ROANOKE TIMES

                         Roanoke Times
                 Copyright (c) 1995, Landmark Communications, Inc.

DATE: WEDNESDAY, July 5, 1995                   TAG: 9507050029
SECTION: BUSINESS                    PAGE: B-6   EDITION: METRO 
SOURCE: JOHN CUNNIFF ASSOCIATED PRESS
DATELINE:                                 LENGTH: Medium


BUSINESS IS HOT, BUYERS NOT

It used to be said that what was good for the consumer was good for business, since consumers account for about two-thirds of all economic activity.

No more. Consumers aren't about to lose their position as the most important segment of the economy, but they see things differently these days: Business is upbeat but consumers are not.

The split shows up repeatedly, most recently during last week, when on successive days the Conference Board reported a sharp drop in consumer confidence, and a Dun & Bradstreet survey of executives found optimism.

Still another survey, also by the Conference Board, may provide a clue to one of the reasons why: While business expands and jobs are created, the rate of job growth may not be comparable to the business expansion.

Downsizing, attended by huge reductions in personnel, continues. Moreover, some older manufacturing skills have become outdated, forcing workers into lower-pay retail service jobs.

For three straight months, the board's help-wanted advertising index has fallen, a finding that coincides with surveys indicating a high level of worker insecurity. Business efficiency these days means lean payrolls.

While the split is glaringly obvious, it is sometimes difficult to accept by those who have observed a correlation of many years between the outlook of executives and that of consumers. But it is there for all to see.

Albert Sindlinger, whose Wallingford, Pa., firm measures consumer financial conditions and attitudes, thinks the split began rather abruptly at the end of 1990.

For the previous six years, he says, his index of household finances, called Household Money Supply, was in ``almost a perfect marriage'' with the National Association of Purchasing Management index.

At that point they divorced, he says, leaving the corporate purchasing agents fairly optimistic but households mired in insecurity and financial problems. Since then, ``they just aren't living together anymore,'' he says.

Job insecurity isn't the only reason offered. Among many of the securely employed, for example, wages have been stagnant or barely rising, while corporate profits have been strong and rising over the past two years.

Another reason for the split seems to be related to the growing world economy. Years ago, increases in corporate spending for equipment and plants generally benefited the United States. Now, plants and jobs may be exported.

While some economists believe the spread between consumer and executive attitudes may be temporary, or cyclical, people such as Sindlinger and some of his clients tend to think of it as semi-permanent and structural.

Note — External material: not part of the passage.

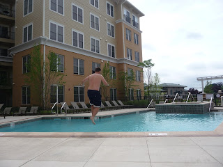 Chris was super excited that the pool at the apartment was opening this weekend. It opened on Saturday at 10am, so he made sure we were the first down there and he was the first to jump in. He was pretty annoyed that I took this picture of him though.

The economy generally moves in cycles from slow-growth or recession to recovery, expansion and sometimes to boom and inflation. The pattern is familiar to economy watchers, and most of their analyses are in that context.

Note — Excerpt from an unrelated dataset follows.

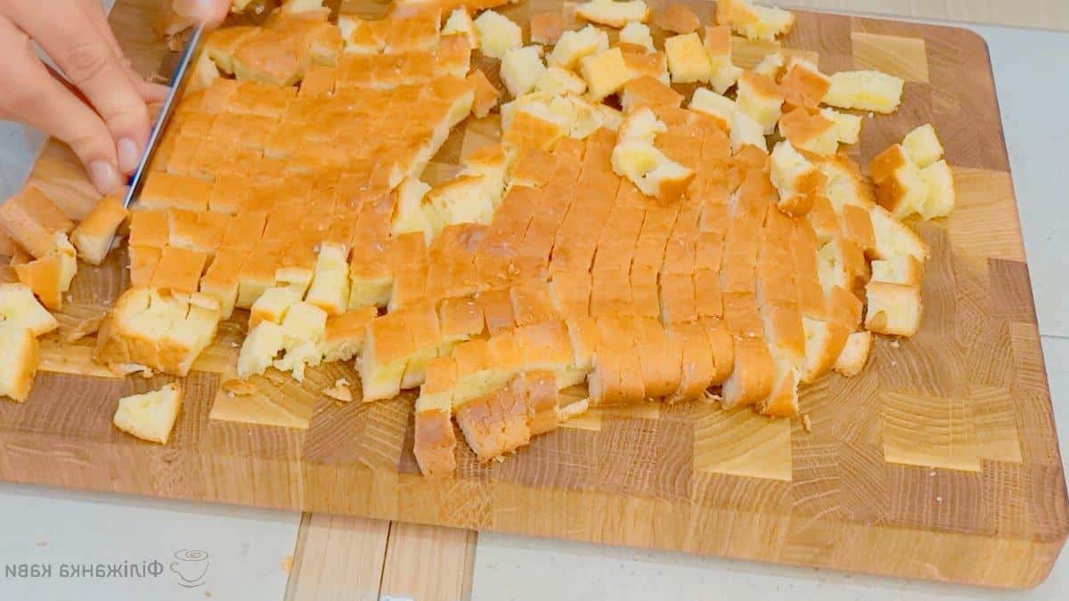 Беремо готовий корж і ріжемо кубиком 1Х1 см. Можна самим приготувати при бажанні, а можна поставити в десерт готове бісквітне печиво. Як приготувати корж я думаю немає сенсу ще раз описувати.

Structural changes are rarer, and involve changes in the ingredients of the business cycle. The end of World War II meant a vast structural change. The end of the Cold War with the Soviet Union was another.

The structuralists say the economy is still in that latter stage, marked by reduced military spending and vast changes in competition, marketplaces, payrolls, regions, and certain industries, such as those with low wages.

As a consequence it is marked also by a divergence in views between consumers and producers, a split that someday may be resewn but which, for now, represents a significant but poorly recognized change from the old days.

The poor level of recognition - the confusion of a major structural change with a normal cyclical change - says Sindlinger, explains in part why so many people expect the consumer to maintain the economic expansion.

Consumers, he says, think, save, spend and vote with their pocketbooks, and their pocketbooks aren't in very good shape. Neither is their outlook. They don't see things the way business does.